[What the exercise asks]
Each line below containing the word "цели" needs to be shown.

Saved entries:
Segment Open
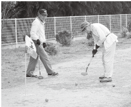
グラウンドゴルフでリフレッシュ
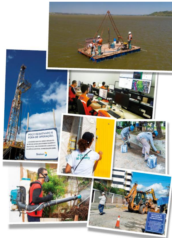
Imagem 7 – Recorte das imagens do Informe Publicitário nº 1
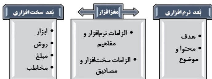
شکل ۱: ارکان و اجزای نظام تبلیغ فرهنگی
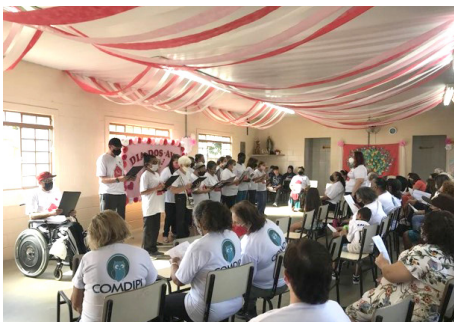
Apresentação do Coral dos Idosos
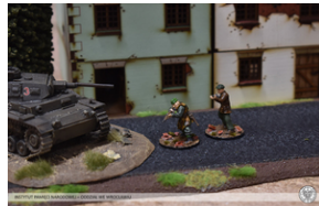
„Modele powstałe z historii”, 22-24 lutego 2022 r.
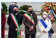
Commemorazione morte Giuseppe Verdi
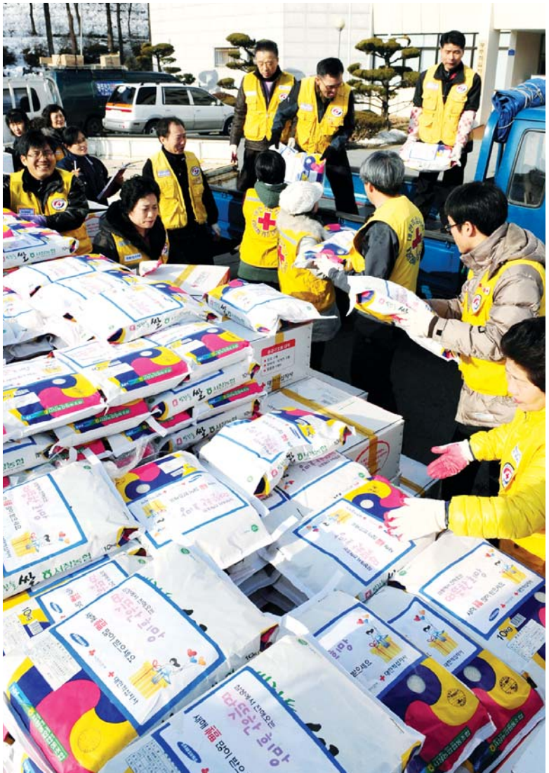
적십자 쌀·구호품 대한적십자사 광주전남지사 직원들이 27일 설을 앞두고 생활이 어려운 이웃들에게 전달할 쌀과 구호품을 배달차량에 싣고 있다.
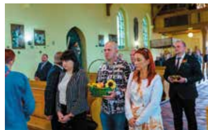
Sołectwa Kawczyn, Kamiennik i Kwiejce przekazały na ręce Księdza owoce, Wójt z Sołtysiem Drawsko wino i hostię
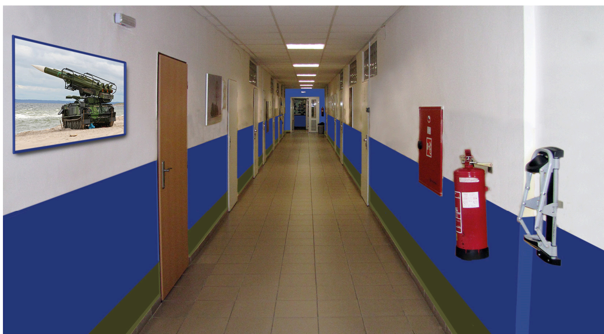
Návrh výtvarného řešení chodeb budovy velení 25. protiletadlového raketového pluku Strakonice. Modrý pruh do výše štítků klik a khaki zelený pruh ve spodní části stěn vyjadřují činnost pluku, střelbu ze země směrem k nebi. Čela chodeb budou modrá až ke stropu aby se chodby opticky zkrátily.
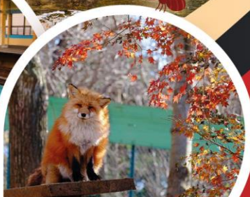
หมู่บ้านสุนัขจิ้งจอกซาโอะ
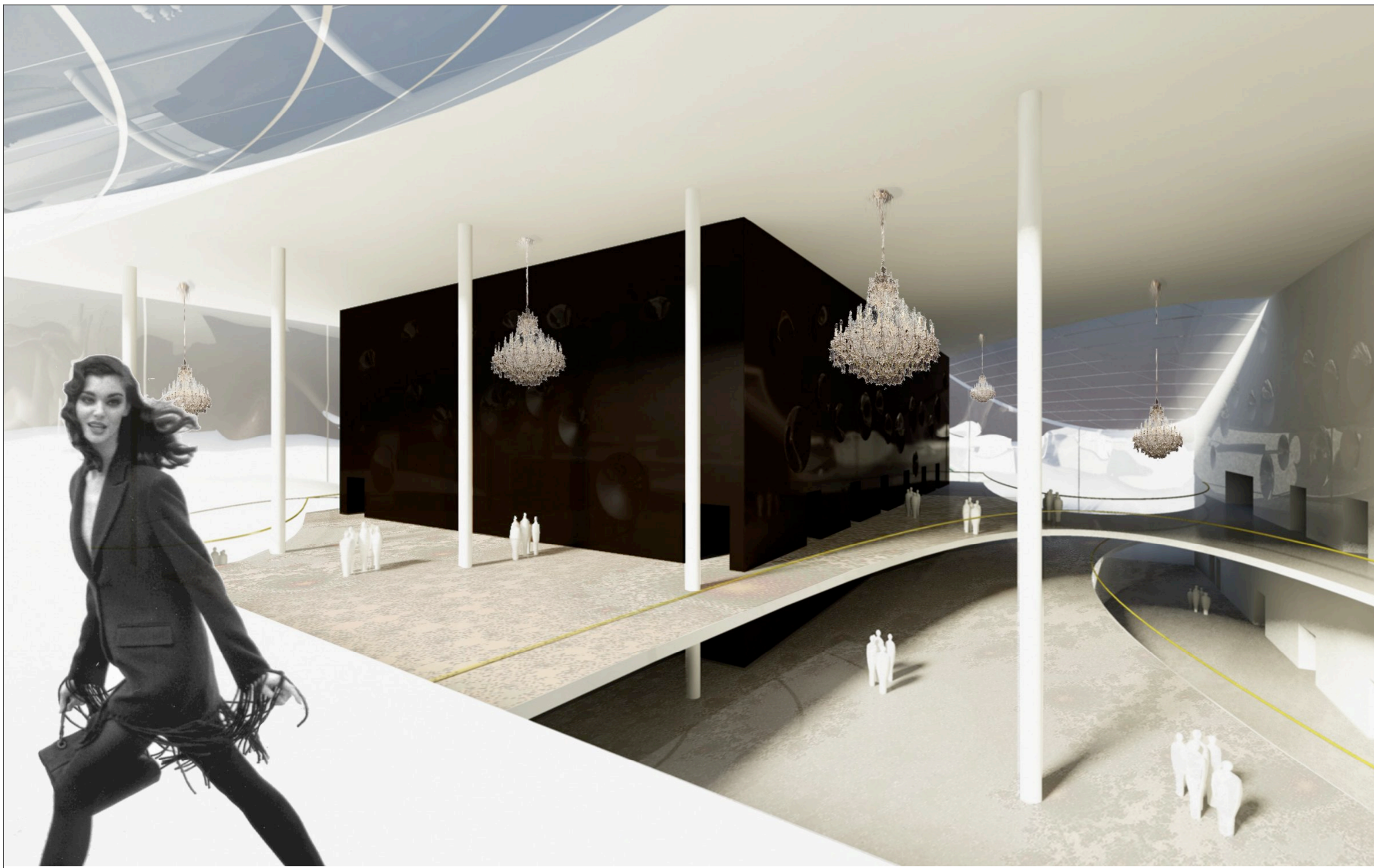
I.emeleti alaprajz m 1:200 pécsi koncert - és konferenciaközpont
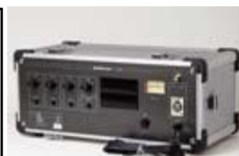
磁気ループアンプ
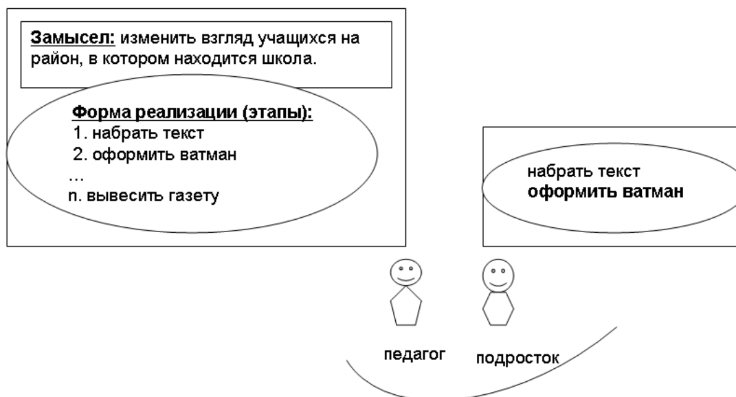
Рис. 3. Различие в представлении цели педагогом и подростком.

Анализ особенностей цели. Цель в данном случае у ученицы не сформировалась, так как не было осознания ни норм, ни ценностей, ни анализа ситуации, ни осознания социального целого. Ученица включилась в изготовление стенгазеты, поскольку ее интересовал один из этапов производства (рис. 3).
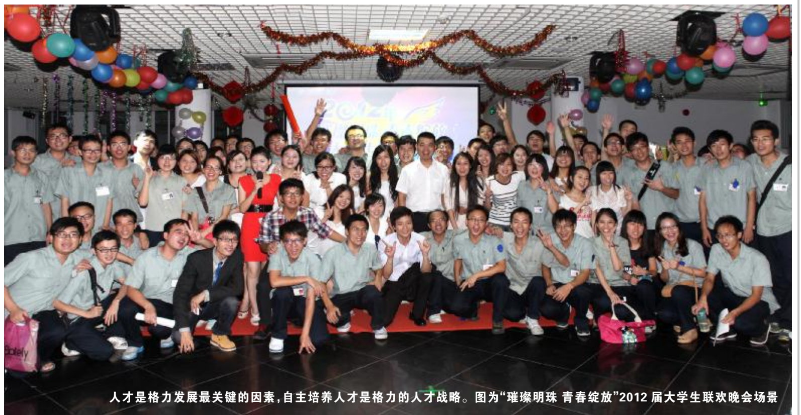
人才是格力发展最关键的因素,自主培养人才是格力的人才战略。图为“璀璨明珠 青春绽放”2012届大学生联欢晚会场景

环球企业家杂志记者陈庆春微博称,看了格力电器半年业绩报表,下半年不出意外今年冲击1000亿问题不大。
Segment Closed
[Answer to the problem]
Рис. 3. Различие в представлении цели педагогом и подростком.
Анализ особенностей цели. Цель в данном случае у ученицы не сформировалась, так как не было осознания ни норм, ни ценностей, ни анализа ситуации, ни осознания социального целого. Ученица включилась в изготовление стенгазеты, поскольку ее интересовал один из этапов производства (рис. 3).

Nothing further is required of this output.